Un nudo se instaló en su estómago, un nudo hecho de cables de acero. Se puso su gabardina, tomó las llaves y salió de casa. Mientras conducía, sus manos apretaban el volante con la misma fuerza con la que un orfebre sujeta una pieza que corre el riesgo de romperse. El tráfico de la ciudad le parecía una coreografía absurda, un obstáculo entre ella y la realidad que temía confirmar.
Al llegar a las inmediaciones del "Aura Sky", Abigail estacionó su coche a una distancia prudencial. El edificio era una oda al minimalismo moderno: balcones que desafiaban la gravedad y ventanales que prometían una privacidad impenetrable desde el exterior.
Vio el coche de Julián. Estaba allí, aparcado en una de las plazas de cortesía, con el capó aún emitiendo ese calor invisible de quien acaba de llegar.
Abigail bajó del auto. Sus tacones resonaban contra el pavimento como martillazos sobre un yunque. Se sentía pequeña frente a la mole de concreto, pero la determinación de quien busca la falla en una aleación la empujaba hacia adelante. Se ocultó tras una columna de granito cuando vio a Julián salir del vestíbulo.
No estaba solo. Pero no fue una mujer lo que vio primero. Vio la actitud.
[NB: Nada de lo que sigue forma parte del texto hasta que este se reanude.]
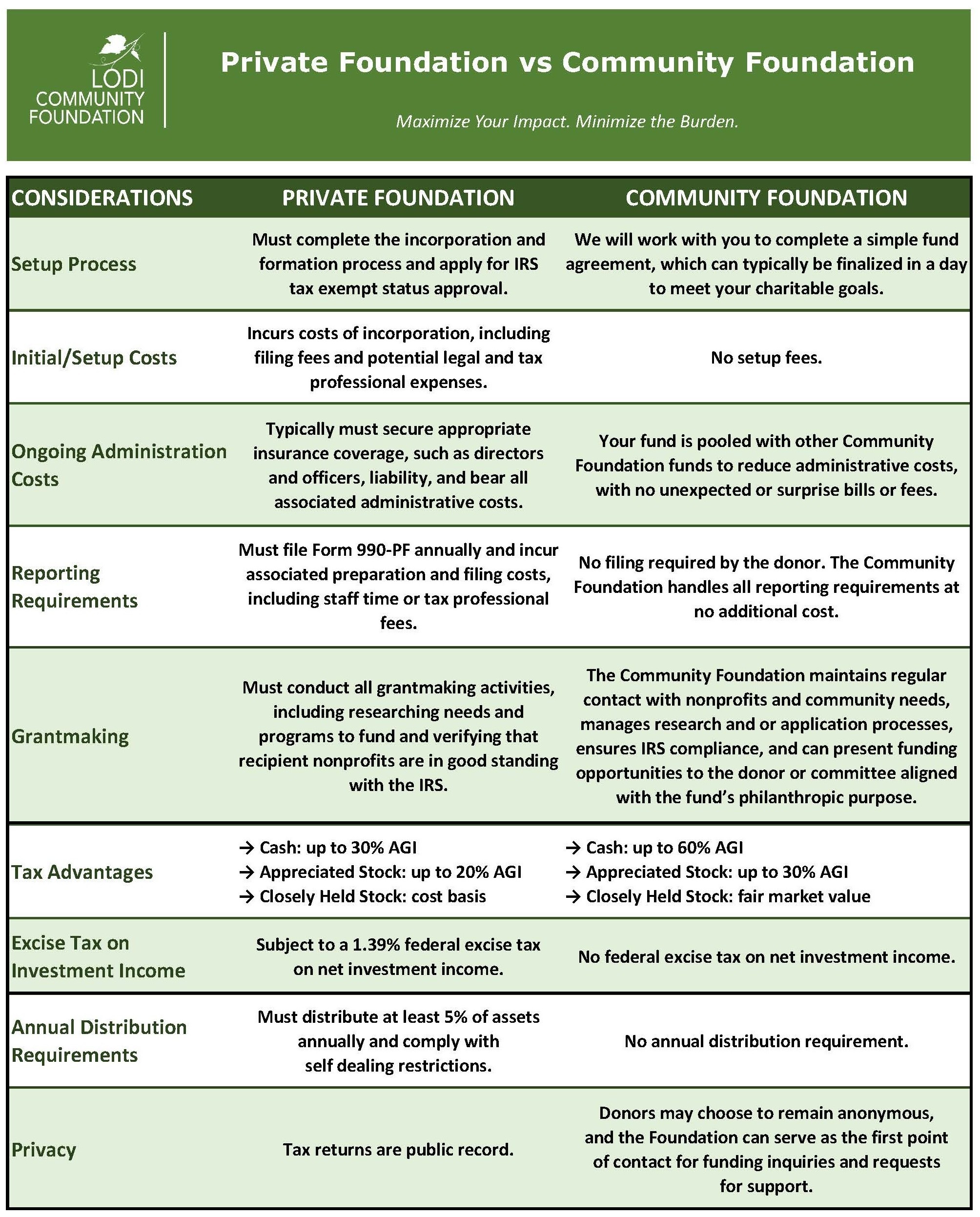 The chart below provides a comparison overview of key considerations when evaluating a Private Foundation versus a Fund at a Community Foundation. If you would like to focus on growing and deploying your charitable dollars while avoiding legal formation, annual tax filings, excise taxes, payout requirements, and ongoing compliance obligations, let’s talk. Contact us and a member of our team will follow up to answer your questions and discuss your goals so you can take the next steps with clarity and confidence.
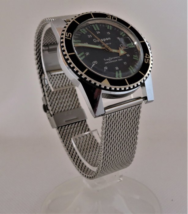 Vintage Frans duikershorloge, handopwinder, Mortima Superdatomatic Outspan Diver Date.

Julián caminaba con una ligereza que Abigail no recordaba haber visto en años. Ya no tenía los hombros caídos por el peso de las facturas o las reuniones de la constructora. Llevaba una bolsa de papel de una panadería artesanal y su teléfono —ese dispositivo que anoche fue un muro entre ellos— estaba guardado en su bolsillo, olvidado.
Un hombre joven, vestido con un traje de lino impecable, bajó por la rampa del edificio y lo saludó con una familiaridad que heló la sangre de Abigail. No hubo besos, no hubo abrazos comprometedores, pero hubo algo peor: una mirada de entendimiento absoluto. Julián le entregó la bolsa, sonrió de una manera genuina que Abigail creía extinta, y ambos volvieron a entrar al edificio.
Abigail se apoyó contra la columna de granito. El aire frío de la mañana le quemaba los pulmones. No era la escena de infidelidad clásica que había imaginado en el trayecto; no había una amante de tacones rojos ni una huida precipitada. Era algo más profundo: una vida paralela, un refugio de paz que Julián había construido lejos del "nosotros".
Sintió una náusea súbita. Se dio cuenta de que el collar de aniversario no era una simple falta de gusto o un descuido; era un soborno. Julián le había regalado una joya mediocre para que ella se distrajera con el brillo mientras él invertía su verdadera energía, su tiempo y su alegría en aquel edificio de departamentos que no figuraba en sus planes de vida.
—Cinco años —susurró ella para sí misma.
Sacó su teléfono y tomó una fotografía del Audi de Julián junto a la entrada del edificio. Sus manos temblaban, pero el encuadre fue perfecto.
El instinto de la joyera prevalecía incluso en el naufragio: documentar la imperfección, marcar el punto exacto donde el metal se había fatigado.
Subió de nuevo a su coche. No entró al edificio. No gritó. Abigail sabía que en la joyería, si golpeas una piedra con demasiada fuerza en el lugar equivocado, la destruyes para siempre. Y ella aún no sabía si quería pulir lo que quedaba de su matrimonio o simplemente dejar que se desmoronara.
Durante el camino de vuelta, el silencio del auto era ensordecedor. Recordó la llamada anónima. ¿Quién querría que ella supiera? ¿Un enemigo de Julián? ¿O quizá alguien dentro de aquel edificio que también se sentía traicionado?
Al llegar a casa, entró al taller. Se sentó frente a su mesa de trabajo, encendió la lámpara de aumento y tomó el collar de aniversario. Con unas pinzas de precisión, comenzó a desarmar el engaste. Una a una, dobló las garras de oro blanco hacia atrás, liberando el zafiro.
La piedra cayó sobre el fieltro negro, desnuda y hermosa, pero el soporte quedó deformado, inútil. Abigail comprendió que el hilo suelto que había empezado a tirar esa mañana iba a deshacer todo el tejido de su realidad.